So am I going to put my money where my mouth is, and stop bothering my reader with trivia like whether I calculated correlation coefficients in R or in Excel?  No, because there’s another completely different reason one might mention a stats package, and it’s one I can get behind.  Mentioning a stats package gives me an opportunity to cite it.  Citation has a number of functions, but the one I care about here is as a currency of appreciation.  When I cite a stats package, I thank its authors and give them a tiny but tangible reward (a CV boost).  This doesn’t matter to me for commercial packages, so if I do stats in SAS I don’t feel the need to cite for appreciation.  It does matter to me for software written by one of my colleagues as part of their contribution to science, so when I do stats in R I cite both base R and any add-on packages.  This practice may be bizarrely inconsistent seen through the lens of the function of the Methods, but it’s entirely logical seen through the lens of science as a community.  Getting the right lens in place makes all the difference.

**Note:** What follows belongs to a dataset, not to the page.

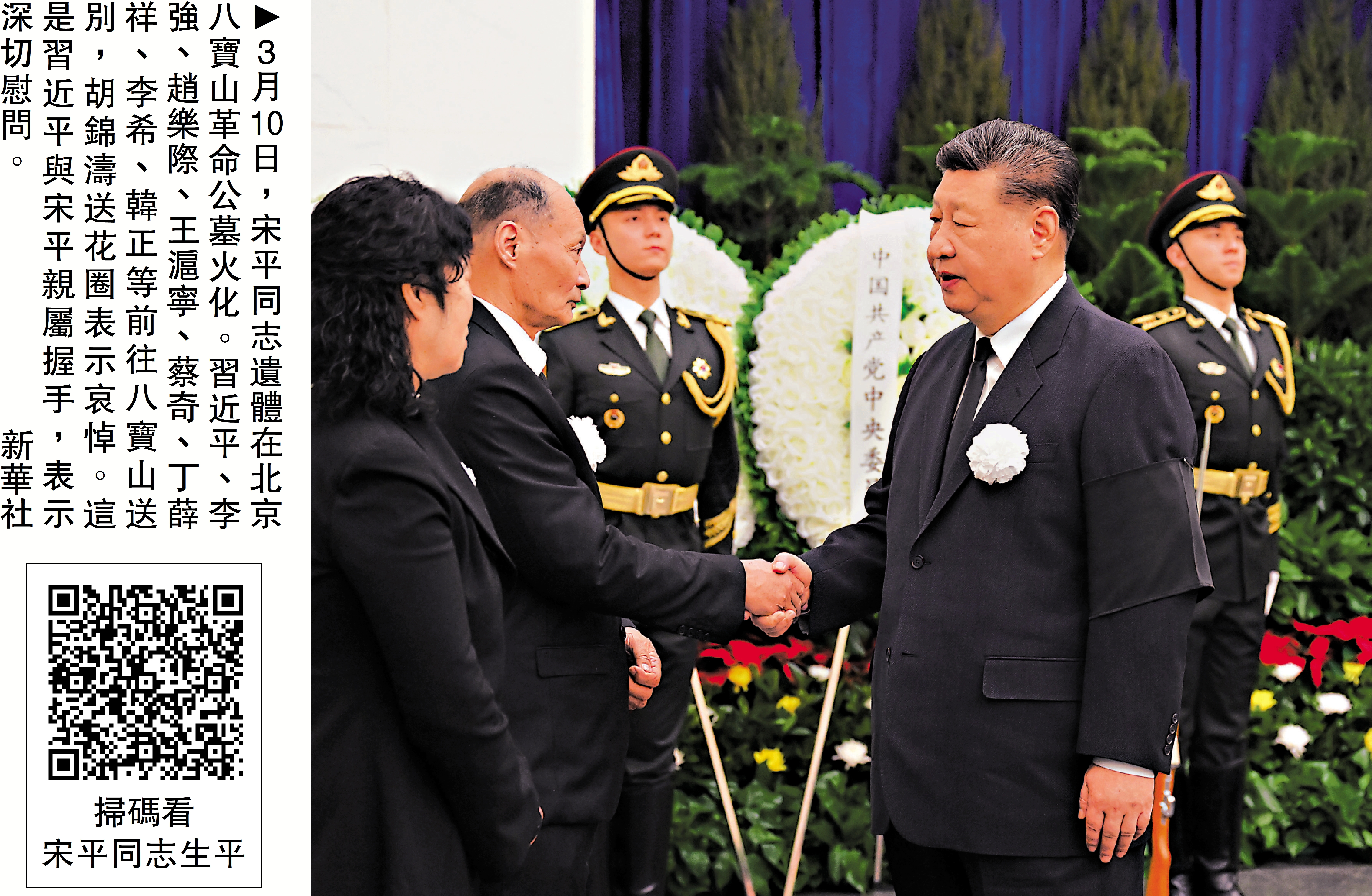 宋平同志病重期間和逝世後,習近平、李強、趙樂際、王滬寧、蔡奇、丁薛祥、李希、韓正、胡錦濤等同志,前往醫院看望或通過各種形式對宋平同志逝世表示沉痛哀悼並向其親屬表示深切慰問。

© Stephen Heard (sheard@unb.ca) November 7, 2016

This post is based, in part, on material from The Scientist’s Guide to Writing, my guidebook for scientific writers. You can learn more about it here.


*^I’m trolling you a little.  These days most of my papers specify “R version something-or-other” instead. Trust me, really, I belong to the 21st century – even if it does cost me the occasional bottle of wine supplied to younger, R-hipper members of the lab.  Of course, my results are unaffected.

**^Although I’ve reviewed manuscripts specifying the brand of calculator used to make calculations, the brand of -80º freezer used to preserve specimens, and the size of vial used to hold specimens preserved in ethanol.  I was as mystified as you surely are about each of these.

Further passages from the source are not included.